CSU based its position on the following statement in the Marina decision:  “[A] state agency’s power to mitigate its project’s effects through voluntary mitigation payments is ultimately subject to legislative control; if the Legislature does not appropriate the money, the power does not exist.”  (39 Cal.4th at p. 367.)  According to CSU, absent a legislative appropriation, fair-share payments for off-site infrastructure were infeasible.  The City and other local agencies argued CSU’s rejection of fair-share funding as “infeasible” was based on a misreading of Marina.  They also argued the EIR was inadequate because it did not discuss alternative approaches to making fair-share payments, other than by means of an appropriation by the Legislature.  The Court agreed.  The Marina Court’s statement was dictum, and the Court declined to follow it.  According to the Court, “neither CEQA nor any provision of the Education Code or other statute precludes CSU (or any other state agency) from using nonlegislatively appropriated funding for making voluntary payments to third parties for mitigation of the off-site significant environmental effects of its projects. . . .  The availability of potential sources of funding other than the Legislature for off-site mitigation measures should have been addressed in the DEIR and FEIR and all of those potential sources should not be deemed ‘infeasible’ sources for CSU’s ‘fair-share’ funding of off-site mitigation measures without a comprehensive discussion of those sources and compelling reasons showing those sources cannot, as a matter of law, be used to pay for mitigation of the significant off-site environmental effects of the [p]roject.”  Because the EIR’s discussion of traffic mitigation, and CSU’s corresponding findings, were premised on CSU’s misreading of its legal obligations, they had to be set aside.  Moreover, the EIR did not contain an adequate discussion of alternatives – such as down-sizing the project – as a means of avoiding the need for off-campus traffic improvements.

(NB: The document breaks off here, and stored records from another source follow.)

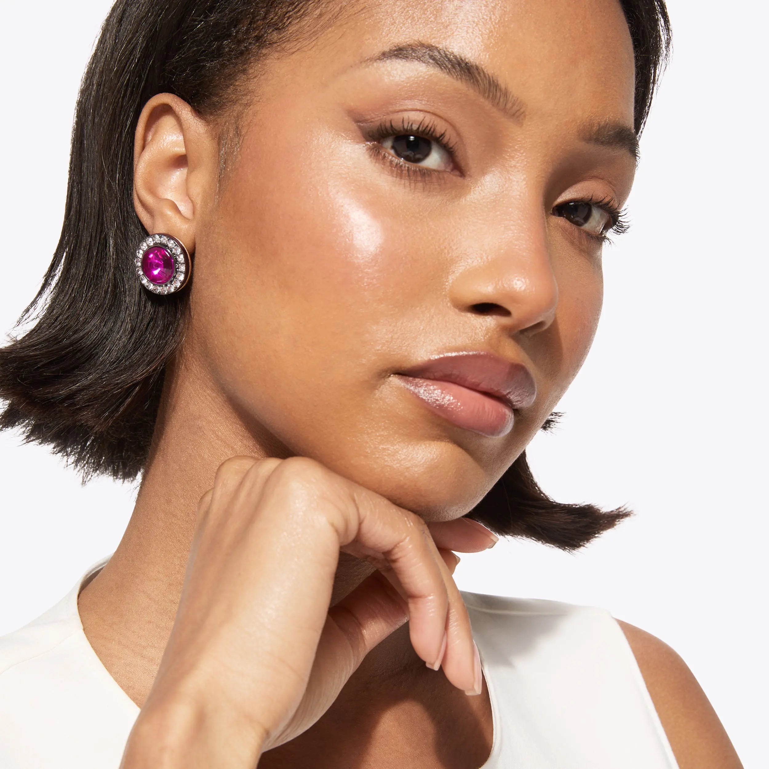 The Octavia Stud Earrings feature a pink crystal that is surrounded by small silver crystals.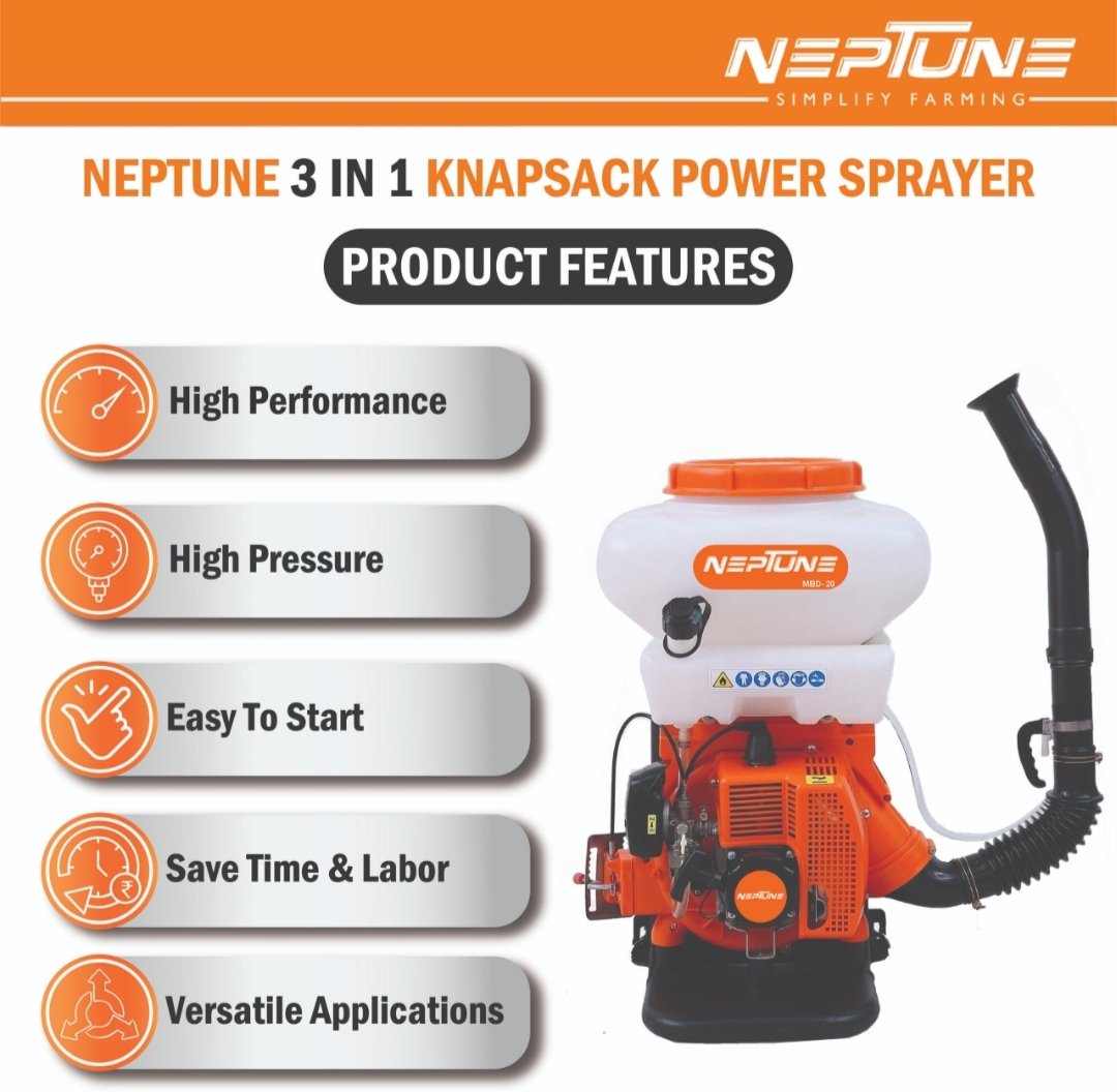 Neptune MBD‑20 2‑in‑1 Knapsack Power Duster Sprayer (43 cc 2-Stroke Petrol Engine • 20 L Tank • Cold Fogger + Powder Duster • Up to 12 m Spray Reach)
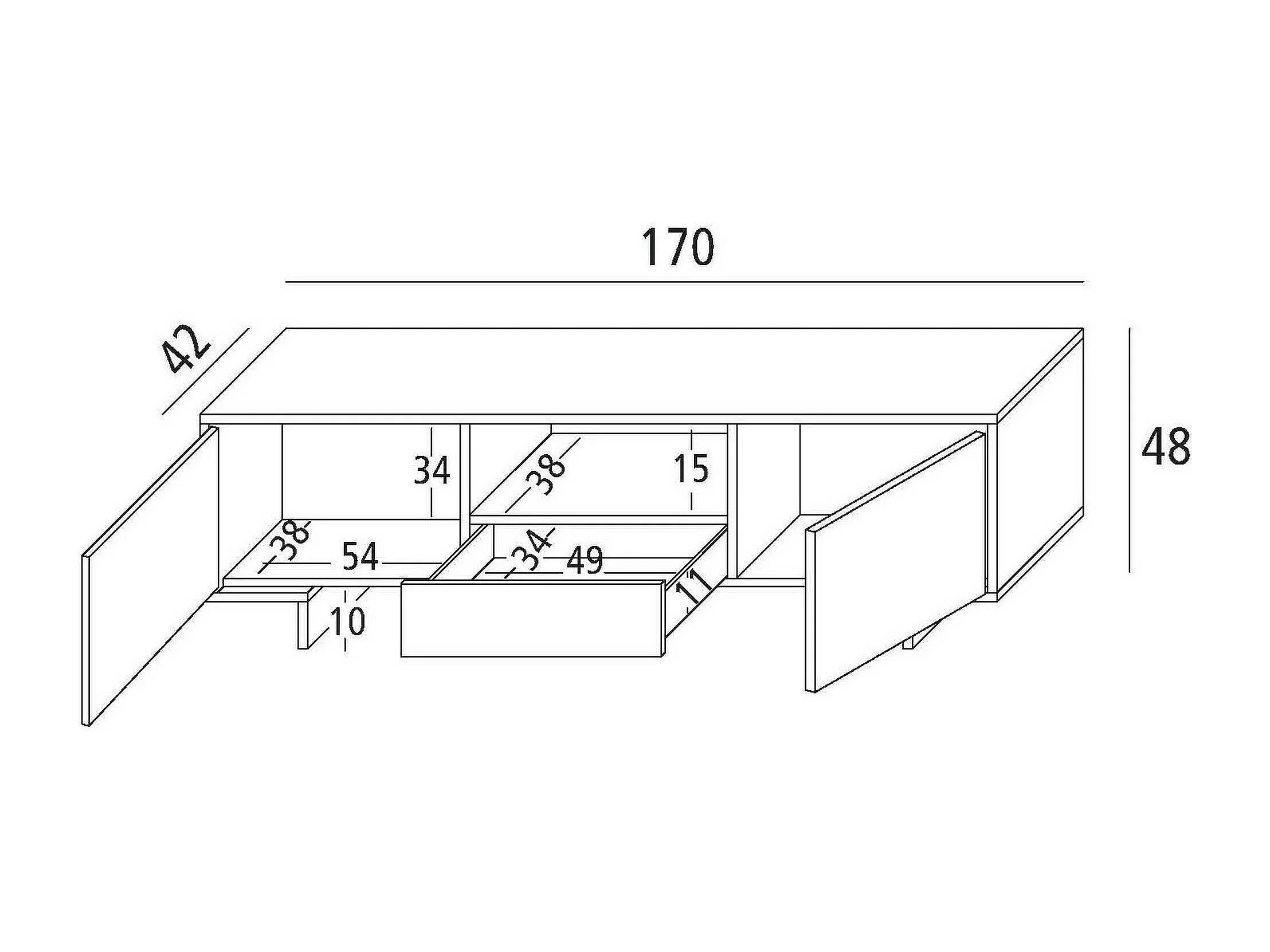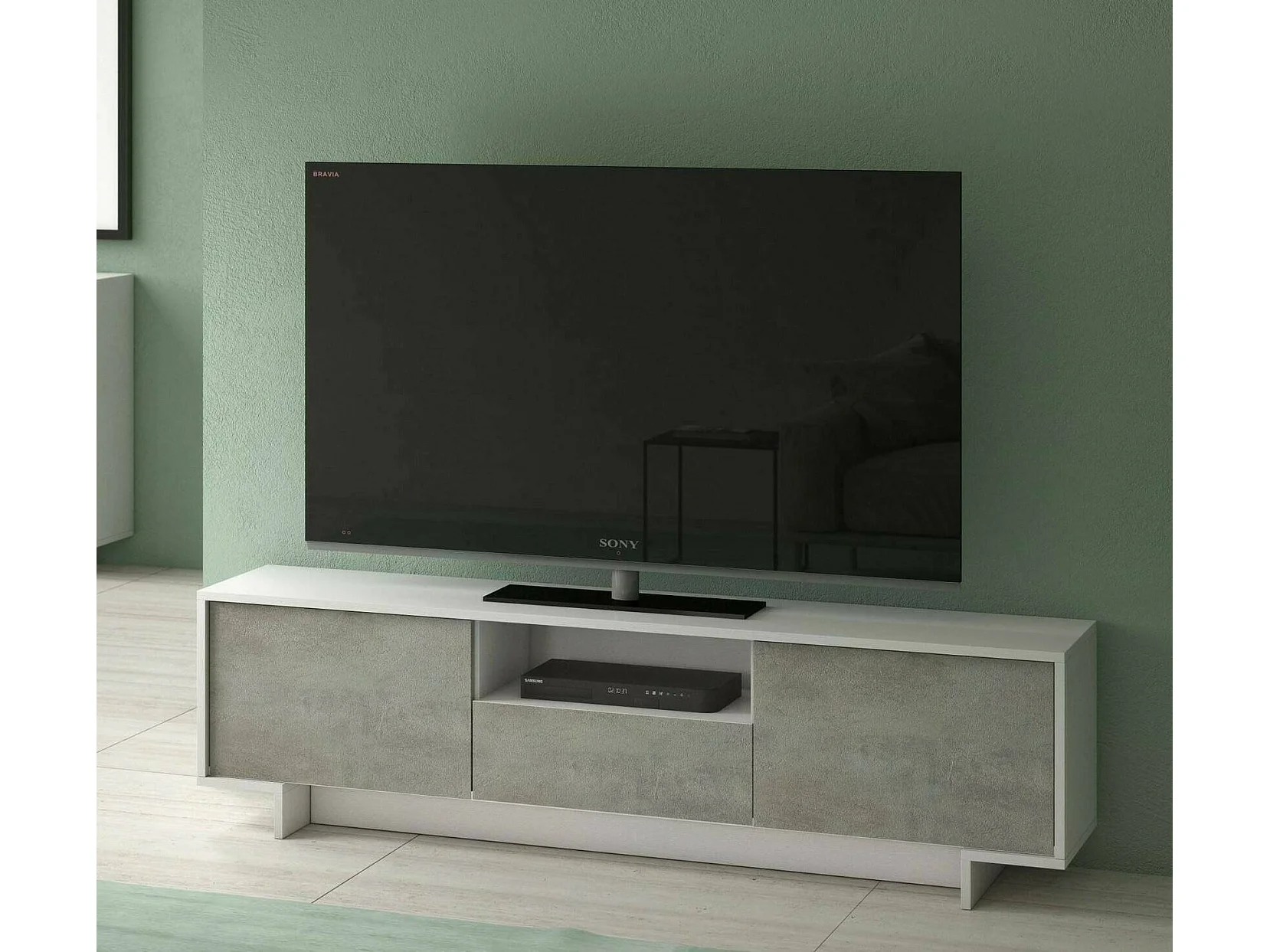 Mueble TV Andrómeda, Mueble TV para salón, Aparador bajo de salón con 2 puertas y 1 cajón, 100% Made in Italy, 170x42h48 cm, Blanco y Cemento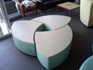 スーツ姿で、ひとりで黙々とソファーを動かして遊びました。笑 8つしかなかったのですけども、もしももっとあったら写真の並べ方で ぴたりと円形に並ぶでしょうか?もしピタリと円形に並ぶなら、 全部でいくつ必要でしょうか? (05/10/01) |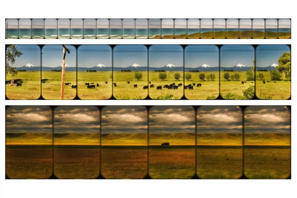 Katie Edwards prend ensuite de la distance par rapport à son sujet et examine l’ensemble à travers des panoramas d’images. Une seule englobe l’entièreté de son aventure sur rail, narrant ainsi une belle histoire du temps et de l’espace, du mouvement et de l’instant. « Si cette mosaïque du voyage était une page d’un livre, alors les fenêtres individuelles du train seraient les mots qui forment des phrases, puis des paragraphes. »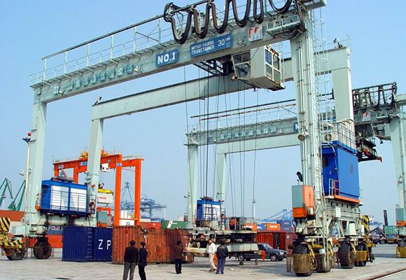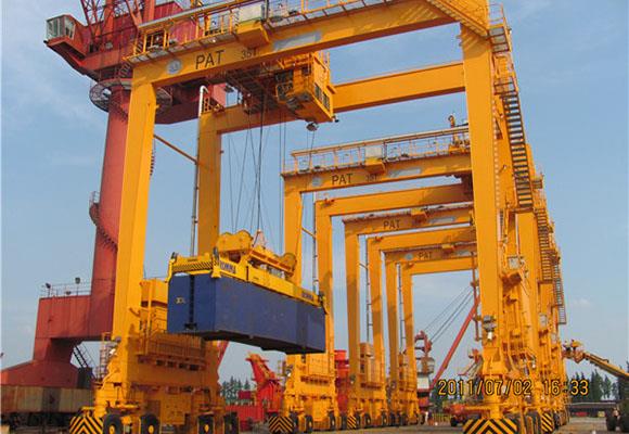 2. جرثقیل گودال کانتینر لاستیکی Weihua مجهز به پخش کننده های تخصصی برای بلند کردن اندازه های استاندارد 20GP، 40GP، 45HQ و مخازن ذخیره سازی هیدرولیک است.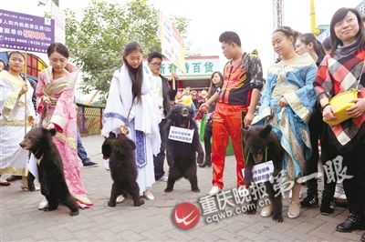 重庆晚报记者现场看到,穿着汉服的美女牵着四只狗熊到处转,狗熊身上挂着“房市不是熊市,我们看好房地产”的牌子,还有“建面5500元起/平方米”的标语(如图)。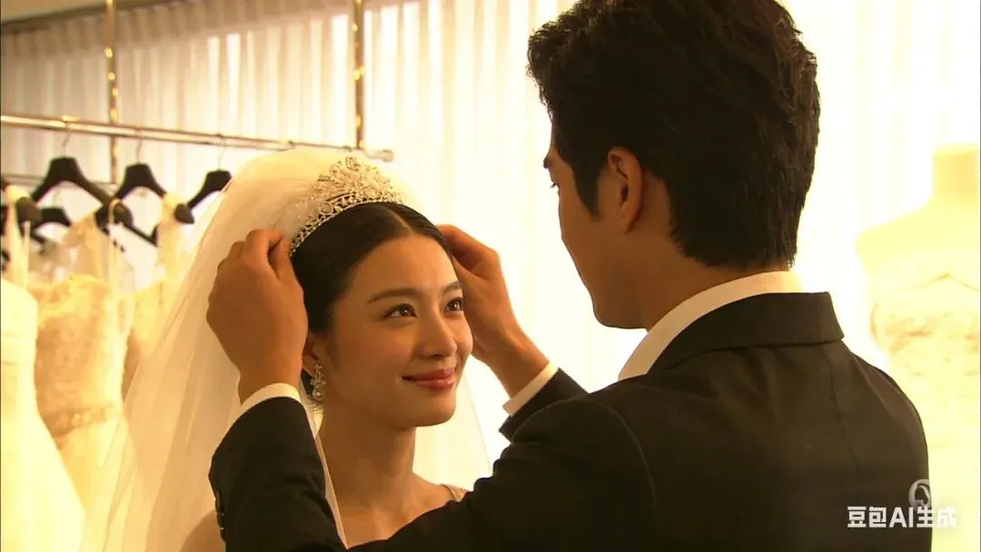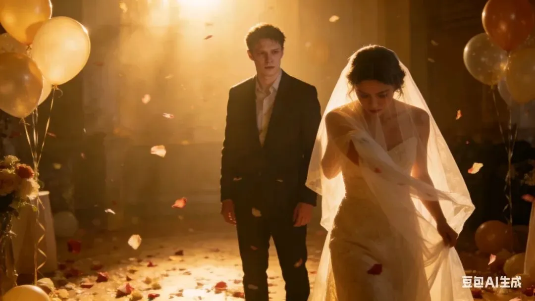 林晚穿着洁白婚纱,站在台上,陈凯微笑着牵起她的手。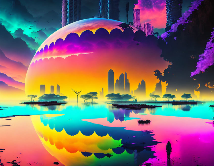 Prompt: "Generate an absolutely insane and surreal scene where the laws of physics and reality are completely twisted. Picture a psychedelic dreamscape with floating islands made of candy, neon-colored rivers flowing with liquid light, and bizarre creatures with mismatched body parts. In the sky, imagine a constellation of floating umbrellas carrying miniature galaxies. The ground is a mosaic of mirrors reflecting impossible landscapes, and the horizon is a blend of cosmic colors that defy earthly norms. Create an image that captures the essence of madness and wonder, where the boundaries of reality and imagination cease to exist"
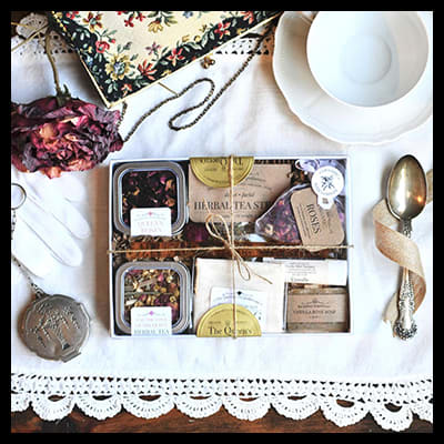We carry their tea gift sets, lavender and rose sachets, single bag teas, tea balls and reusable tea bags
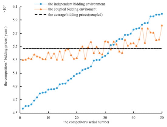 The bidding prices of competitors in the coupled bidding environment are calculated and compared with the independent bidding environment as shown in Figure 8. The bidding prices optimized by the coupling environment are more concentrated near the average value than the initial price. This is because the competitor I is more inclined to make decisions to reduce the internal deviation value of the group to improve the winning probability by predicting other prices.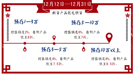 第三重:預(yù)存送溫暖:增值+優(yōu)惠折扣,比放在銀行都劃算,活動(dòng)時(shí)間:12月12日至12月31日。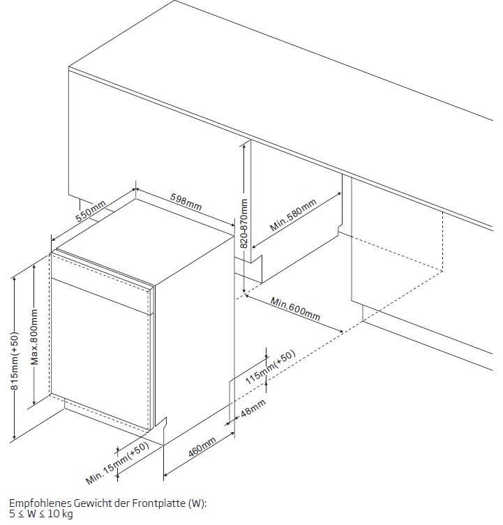 • Nische (HxBxT): 820-870 x 600 x min. 580 mm

CSU argued the Court ought not to reach the “fair-share” issue because the proper interpretation of the Marina decision was never presented to CSU during the administrative process.  The Court disagreed, citing letters and testimony stating or implying that CSU had a duty to mitigate the project’s offsite impacts, even if the Legislature did not appropriate money and other funding sources had to be considered.

Appellants San Diego Association of Governments (“SANDAG”) and San Diego Metropolitan Transit System (“MTS”) argued the EIR’s traffic analysis was inadequate because it miscalculated the “average daily trips” (“ADT”) that would be generated by new resident and commuter students.  The Court disagreed, finding that substantial evidence supported CSU’s methodology.  In particular, the EIR had not double-counted reductions in trips from transit use, or resulting from former commuter students moving on-campus.  CSU also acted within its discretion in relying on projections of increased transit use in the future.  Because substantial evidence supported the EIR’s ADT estimates, the EIR’s “fair share” estimates were similarly supported.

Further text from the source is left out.